America’s safety-net hospitals and clinics survive thanks to a complex combination of funding from state, federal and private insurers. A critical lifeline for so many of these hospitals is the 340B Drug Discount Program, created by Congress in 1992 and signed by President George H.W. Bush. It costs taxpayers zero.
The program requires pharmaceutical companies to sell discounted medications to hospitals and clinics that treat high numbers of indigent patients. In return, Big Pharma gets to sell its products to the fabulously lucrative and taxpayer-financed Medicaid and Medicare programs.

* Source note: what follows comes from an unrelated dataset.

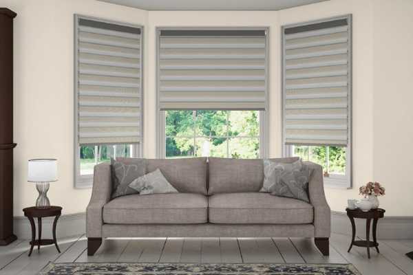 Очень интересно смотрятся рулонные шторы день-ночь, которые состоят из двух слоев полосатого материала. Одна полоса на полотне является прозрачной и выполняется чаще всего из сетки. Другая, напротив, не пропускает свет. Регулировка освещенности помещения в данном случае может выполняться смещением темных и светлых полос друг относительно друга без необходимости полного поднятия полотна.
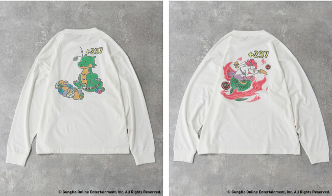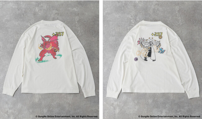 レイジブルーとのコラボレーションでは、長袖Tシャツに、人気イラストレーターam./アムさんによるかわいらしい描きおろしイラストをプリントした、全4種類のアイテムをラインアップ。フロントの左胸には、ポップにデザインされた「PUZZLE&DRAGONS」の文字があり、「ボルケーノドラゴン」、「ガチャドラ」、「エキドナ」、「イデアル」をモチーフにしたイラストが、それぞれバックにプリントされています。

The revenues realized by the health providers on the discounted drugs are used to fund essential health care in communities that need it most – just as Congress intended. And it doesn’t cost taxpayers one, thin dime. But driven by greed, the drug industry is working overtime to choke out the 340B program under the barely-disguised rhetoric of reform.
Let’s stop for a second and contemplate a world without it.
Kiss more rural hospitals goodbye. Since 2005, 191 have closed or been converted to other purposes. Many rural hospitals are barely economically viable and they rely on the 340B program to stay in operation. Enormous health care deserts in rural areas will become commonplace in every state.
Maternity care will disappear in many areas. According to the research firm Chartis, 217 hospitals have closed their labor and delivery departments since 2017. More than 2.2 million women of childbearing age across 1,100 U.S. counties are living in maternity care deserts, says a recent report from the March of Dimes. Many safety-net hospitals use 340B funding to provide services to pregnant women.
Behavioral health services diminish. Many safety-net hospitals depend on 340B to help fund screening and therapy for patients suffering from mental illness and substance abuse.
Less medication assistance. Clinics and hospitals often tap their 340B reserves to provide low-cost or no-cost medications to their patients as well as assistance with very high copays.
Diabetes, HIV/AIDS and primary care clinics wink out. These are money-losing services made possible by savings provided by the 340B program
It’s pretty grim to contemplate. Meanwhile, Big Pharma is swimming in cash. In 2023, the top 10 biopharmaceutical companies posted a staggering $126 billion in profits. All have illegally blocked discounts to 340B hospitals and clinics.
Not surprisingly, Big Pharma is spending a fortune in Washington on political contributions and lobbyists to protect their massive earnings. That figure came to an eye-popping $126 million in 2023, according to Opensecrets.org.
Imagine, all that money and the drug industry still wants a world without 340B.